This chapter provides guidance for carers on managing behaviour, which includes supporting positive behaviour, de-escalation of conflicts and discipline.

Children learn how to behave by watching, listening and talking to the adults who care for them. Children develop their morals and values from what they observe of how adults treat others.

Children need clear boundaries and consistent rules. You should have high aspirations of a child/young person placed with you and be clear about what is acceptable and not. However a restrictive, unsupportive, discouraging and punishing culture will result in children feeling unsafe and resentful and will lead to instability and disruption.

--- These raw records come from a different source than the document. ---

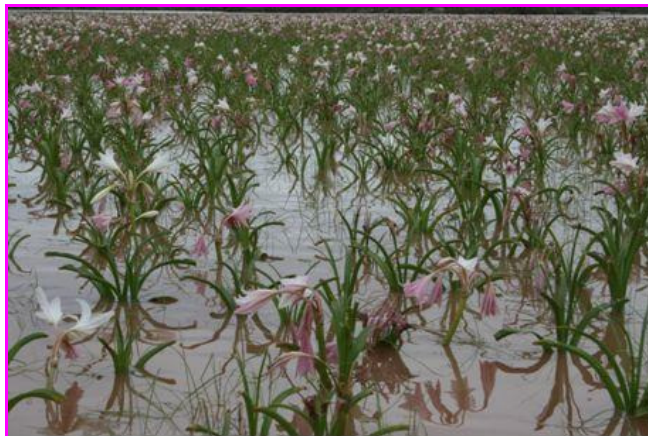
"Thousands of lilies at Farm Sandhof"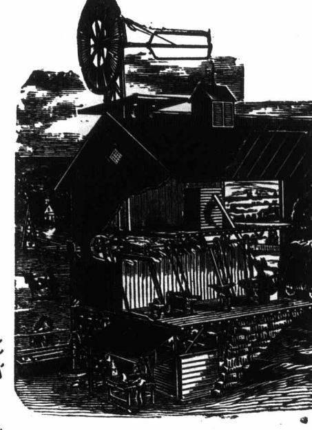
Pumps—Iron & Wood. Force or lift. Deep Geared Wind Mills, for driving Machinery, Pumpin well pumps a specialty Water, &c. From 1 to 40 horse power.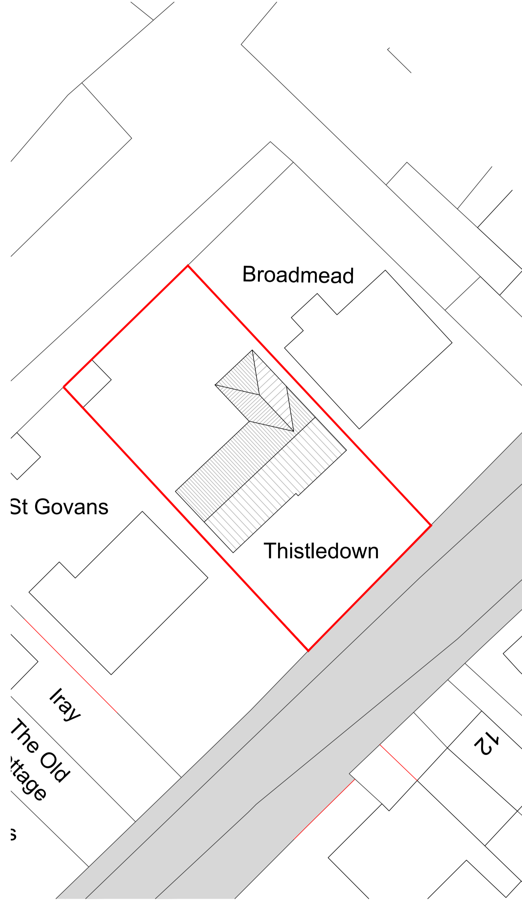
3 SITE PLAN- EXISTING A-100 SCALE 1:200 @A1 1:200 0m 2 4 8 1 3 6 10 n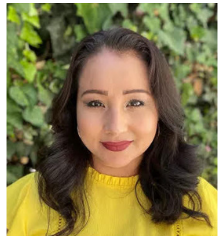
COUNCIL DISTRICT 13 HONOREE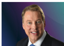
William Clay Ford, Jr. Executive Chair, Ford Motor Company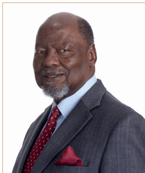
Joaquim Chissano (81) PhD (Honorius Causa)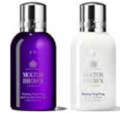
Relaxing Ylang-Ylang Bath & Shower Gel and Body Lotion

LONDON VIA THE COMOROS ISLANDS Creamy-white, soft, secluded sands. The air heady with the scent of sweet evening flowers. A hammock swaying between two palms. Fall into a deep slumber on the Perfume Isles.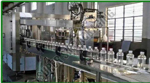
150 BPM water plant

Business Type : Manufacturer, Exporter, Supplier, Trader Material : Stainless Steel Driven Type : Electric Automatic Grade : Automatic Capacity : 240 BPM Country of Origin : India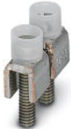
Fixed bridge, Number of positions: 2, Color: silver

Please be informed that the data shown in this PDF Document is generated from our Online Catalog. Please find the complete data in the user's documentation. Our General Terms of Use for Downloads are valid ( http://download.phoenixcontact.com )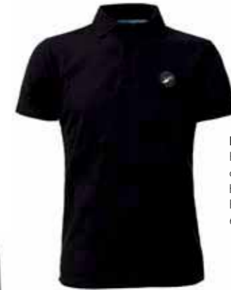
Polo Shirt High-quality polo shirt made of a coolmax material that helps the body stay cool. Hirsch Performance badge on the chest. 60% cotton/40% coolmax.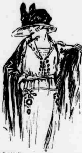
(First Floor, Central)

Some are tailored; many are braided, a few are embroidered, especially the jerseys. There are ever so many styles; the serges are mostly navy and black; the jerseys old blue, henna, taupe, navy and black. All sizes are in the lot.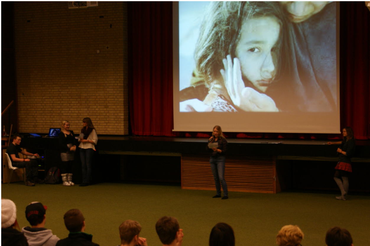
Figure 4: Student Peace Prizes at Frederiksborgs Gymnasium.

Using a trauma-informed approach you should at all times endeavour to:

  1. Listen to and empathise with children, respect their thoughts and feelings and take their wishes into consideration;
  2. Look for things that are going well, or any step in the right direction, and appropriately reward it;
  3. Use rewards in a creative and diverse way, specific to children's needs, capabilities and interests. This may mean that children are rewarded with toys, games, activities or monetary rewards. But all 'tangible' rewards should be accompanied by use of 'non tangible' encouragement and support - by you demonstrating to children that they have done well. Such 'non tangible' rewards include praising, smiling, touching and hugging children;
  4. Make sure that children and young people are aware of the things that they have done well. This should involve prompt verbal feedback, along with clear recording in the child or young person's file. All 'tangible' rewards should be clearly identified.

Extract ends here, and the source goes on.